(7) Mimisan

187 24 2
                                    

Pasang mata semua penghuni sekolah yang masih berkeliaran langsung tertuju kepada dua orang berbeda jenis kelamin yang berangkat bersama. Ira langsung mengumpat di dalam hati, ia sudah menduga hal ini akan terjadi ketika ia berangkat bersama Naja, orang yang populer di sekolah mereka. Tetapi wajah Naja seolah biasa saja, tidak ada yang harus di khawatirkan.

"Makasih ya, Kak," ujar Ira sambil turun saat Naja sudah parkir.

"Nanti pulang bareng gue lagi," jawab Naja.

"Nggak usah, Kak. Nggak mau repotin lo," ujar Ira.

"Kalo ditawarin sesuatu, lo langsung nurut itu susah banget?" tanya Naja.

Ira meneguk ludahnya kasar. Bukannya apa-apa, Ira tidak enak saja merepotkan Naja kalau harus antar-jemput. Padahal uang saku Ira masih cukup untuk pulang naik taxi atau setidaknya cewek itu bisa saja meminta pertolongan pada Mita untuk mengantar dirinya ke rumah.

"Bukan gitu, Kak. Gue gak mau repotin lo aja, tadi kan udah bilang. Terus lo masa gak denger kita jadi omongan orang-orang di sekolah?" ujar Ira.

Tidak tahu mempunyai keberanian lewat mana sehingga ia bisa mengutarakan isi hatinya kepada Naja. Ira tidak terlalu suka menjadi orang yang selalu diperhatikan gerak-geriknya oleh semua orang. Seolah dirinya tidak mempunyai privasi.

"Biarin aja," ujar Naja sambil melangkah pergi menuju kelasnya.

Sedangkan Ira masih berdiri di samping motor Naja sambil menjinjing helm yang tadi ia kenakan. Bingung menaruh dimana, kalau di motor Naja takutnya ada gimana-gimana. Daripada pusing memikirkan helm, Ira bawa saja helm itu ke kelas. Toh tidak ada yang melarang.

Saat di koridor, Ira langsung bergidik ngeri karena melihat tatapan siswi-siswi kepadanya. Sehingga Ira menatap dirinya sendiri dari atas ke bawah, tapi tidak ada yang salah.

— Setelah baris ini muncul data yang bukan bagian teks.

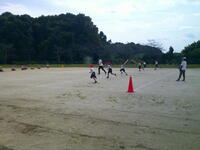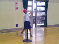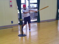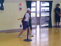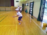 今日が第1回目で、雨天のため体育館で行いましたが、ゲームのルールを確認しながら練習に取り組んでいました。通常の野球のルールとは異なり、攻撃側はティー上のボールを打ってからバットを次の打者に渡した後、ベース代わりのコーンまで走り売った地点まで往復します。コーンは3つ置かれており、近いところは1点、中間が2点、遠いところが3点となっています。守備側は、ボールを取った選手の近くに全員が集まり、座った時点でアウトが確定します。(他にも縦一列で並んで座るパターンと、二人がフラフープの中に入るパターンがあるとのこと)今日は体育館だったので、1往復する前にアウトになるパターンが多かったのですが、広い校庭で実施したら得点を防ぐことはかなり難しそうです。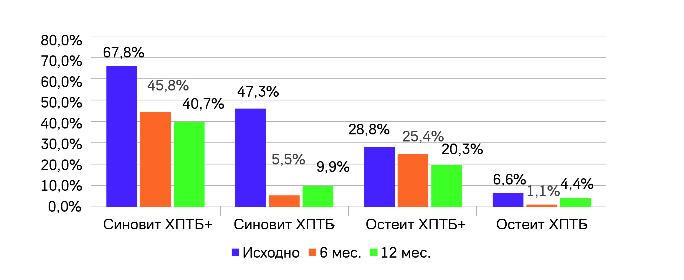Рисунок 2. Динамика синовита и остеита по данным МРТ в зависимости от наличия или отсутствия ХПТБ.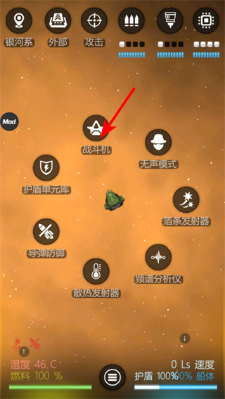 2、在功能界面中,點(diǎn)擊戰(zhàn)斗機(jī)選項(xiàng),可啟用戰(zhàn)斗機(jī)功能,助力飛船在太空戰(zhàn)斗中提升戰(zhàn)力,是應(yīng)對(duì)太空威脅手段。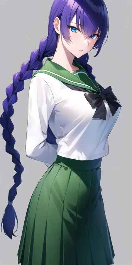 white_shirt_long_sleeves_green_sailor_collar_black_bowtie_green_plaid_skirt_serafuku:彼女の学校制服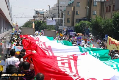 حضور اساتید ، کارکنان و دانشجویان دانشگاه فرهنگیان واحد ثامن الحجج (ع) در مراسم راهپیمایی روز قدس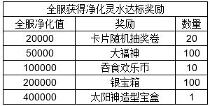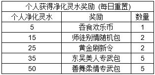 7. 每次增加「净化灵水」(个人计数),显示在福利→个人净化值,达指定数量即可领奖,个人净化值在活动结束前每日重置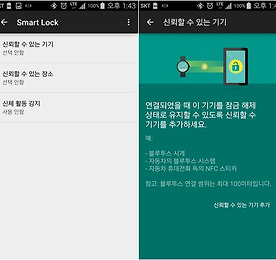 갤럭시노트4 Smart Lock 썸네일형 리스트형 갤럭시노트4 숨겨진 기능 장소에 따라 잠금화면이 자동으로 풀리는 스마트 락(Smart Lock) 갤럭시노트4 숨겨진 기능 장소에 따라 잠금화면이 자동으로 풀리는 스마트 락(Smart Lock) 갤럭시노트4의 숨겨진 기능 하나를 발견했습니다. 잠금화면을 사용하는 분들이라면 무척 유용하게 사용할 수 있을 듯 해서 소개해볼까 합니다. 일반적으로 보안 때문에 패턴, 비밀번호, 지문인식 등을 활용해 잠금화면을 많이 이용하실텐데요. 보안을 위해 잠금화면이 꼭 필요하지만 필요가 없는 상황에서는 아무래도 매번 잠금화면을 풀어주는 상황이 꽤 불편합니다. 특히 사이즈가 큰 갤럭시노트4는 한 손으로 잠금화면을 풀다가 떨어트리는 경우도 종종 발생합니다. 그래서 상당히 좋은 기능 하나를 소개합니다. 바로 스마트락(Smart Lock) 기능입니다. 스마트락은 내가 설정한 장소 또는 갤럭시노트4와 연결된 신뢰할 수 있는 기기.. 더보기 이전 1 다음
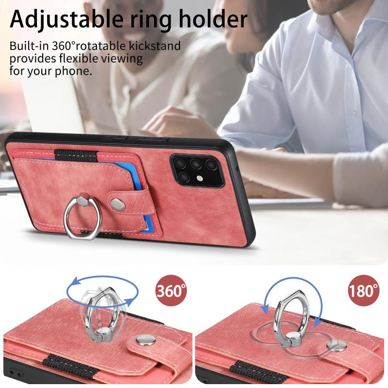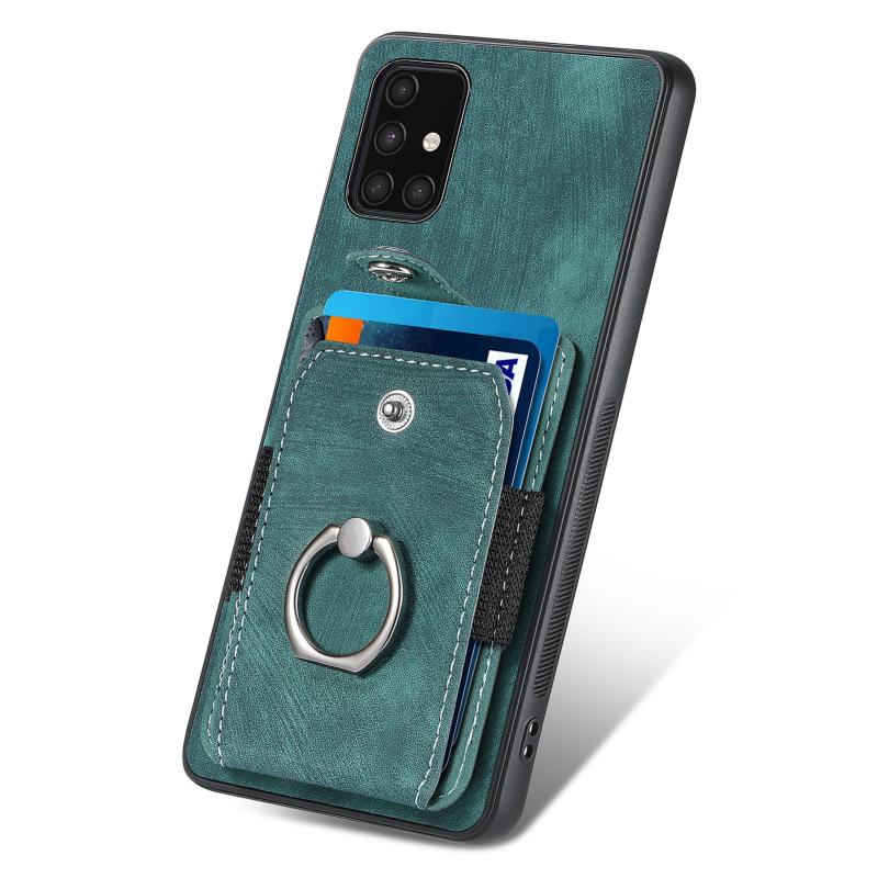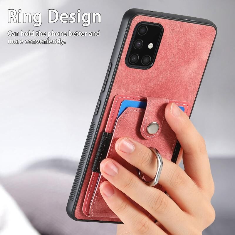 Θήκη κινητού τηλεφώνου Samsung Galaxy A71 με κάρτες και δακτύλιο, με ρετρό υφή (Καφέ)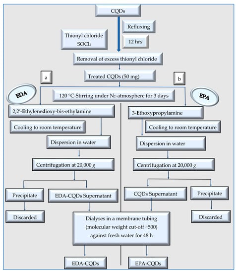 As shown in Figure 2 and Figure 8, the synthesized CQDs are chemically passivated to yield either EDA- or EPA-CQDs [40]. First, the CQDs are allowed to react with SOCl2 in order to form the acid chloride intermediates which are more active than their carboxylic group precursors, and form amides by a reaction with the amine-terminated molecules [15].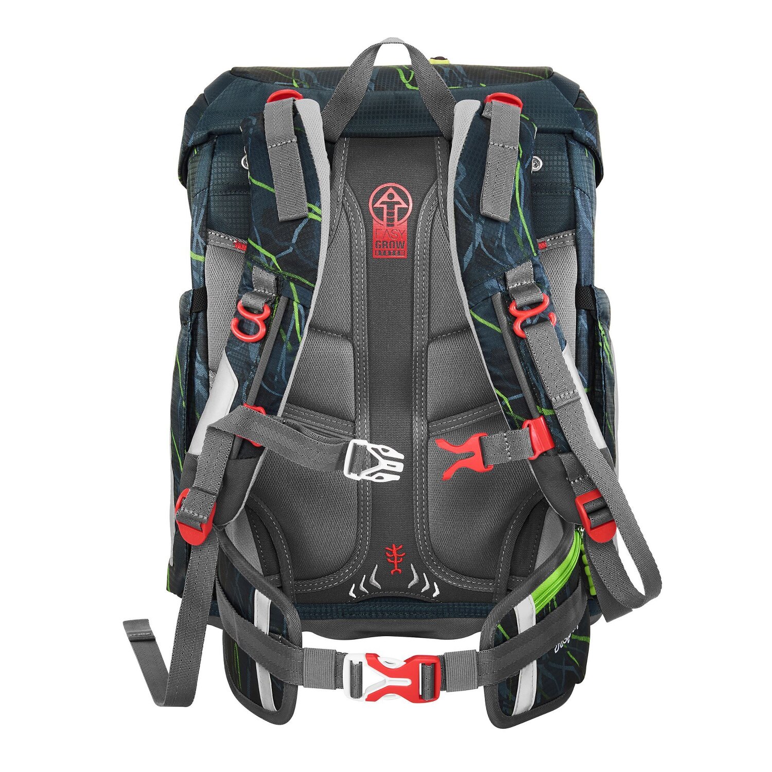 Der Giant Schulranzen begeistert durch besonders leichtes wasserabweisendes Material aus PET-Flaschen, großes Fassungsvermögen und das höhenverstellbare Tragesystem, das sich Ihrem wachsenden Kind anpassen kann. Die ergonomische Rückenpartie, das Rückenpolster, sowie Hüftflosse, höhenverstellbarer und abnehmbarer Brustgurt sowie Lageverstellriemen sorgen für ein optimales Trageerlebnis. Für die individuelle Gestaltung können Magic Mags, ganz nach dem Geschmack Ihres Kindes, angebracht werden. Im geräumigen Hauptfach, das mit praktischem Fidlock-Magnetverschluss geschlossen wird, gibt es jede Menge Platz für alles, was im Unterricht gebraucht wird, zusätzlich können die zwei Seitentaschen nach außen wachsen und so im Inneren für genügend Stauraum sorgen. Das Mäppchen kann platzsparend im Schulranzen-Deckel verstaut werden. Set bestehend aus: Schulranzen, Federmäppchen (komplett bestückt mit Markenstiften), Schlamperetui, Sportbeutel und 3-teiligem Magic Mags Set. Schulranzen Außenmaß: 28 cm x 21 cm x 37,5 cm / Gewicht: ca. 990 g / Volumen: ca. 19 l

Atau karena Ira membawa helm? Atau mungkin karena mereka tahu bahwa Ira berangkat dengan Naja?

Ini baru Naja, kalau Most Wanted sekolah yang Ira bisa dapatkan. Bisa-bisa Ira di marahin sama fans fanatik mereka.

"Eh Mita," ujar Ira.

Mita mencibir. "Eh Mita. Udah bikin PR belum lo?"

"Emang ada PR?" tanya Ira langsung duduk dan menyimpan helm di bawah meja.

"Jangan pura-pura gak tau deh. Lo ngapain senyum-senyum gitu sama gue?" tanya Mita sambil menyipitkan matanya karena curiga dengan gelagat aneh Ira.

"Gue belum bikin PR nih. Boleh liat punya lo?" tanya Ira. Memberikan tatapan se menggemaskan mungkin di depan Mita.

"Nih, tapi jangan di kasih sama yang lain!" peringat Mita.

Ira menulis dengan cara cepat. Yang penting ada jawabannya, karena bell masuk sebentar lagi berbunyi dan kebetulan PR itu ada di jam pelajaran pertama. Duh kalau saja Mita tidak baik pada Ira, pasti cewek itu sudah ketakutan di tempat.

"Ngapain lo bawa helm ke kelas?" tanya Mita.

"Gue gak bawa motor, Mit."

"Terus lo bawa helm? Stres," ujar Mita.

Ira meletakan pulpennya sebentar dan menatap ke arah Mita dengan memberikan senyuman bahagia.

"Gue sih di anterin sama cogan tadi," ujar Ira.

"Siapa sih?" tanya Mita sedikit penasaran.

Ira berdehem. "Kak Naja, nanti gue ceritain awal mulanya ya," ujar Ira sedikit lirih karena Yuna sepertinya akan menghampiri meja Ira dan Mita.

Mita mengangguk mengerti lalu menatap Yuna yang berdiri di samping Ira. Karena Mita yang sedang duduk di pojok. Biasanya Ira yang harus duduk di pojok bagaimanapun caranya. Namun, karena Ira sekarang menyontek PR Mita, jadi Ira biarkan Mita duduk di pojok.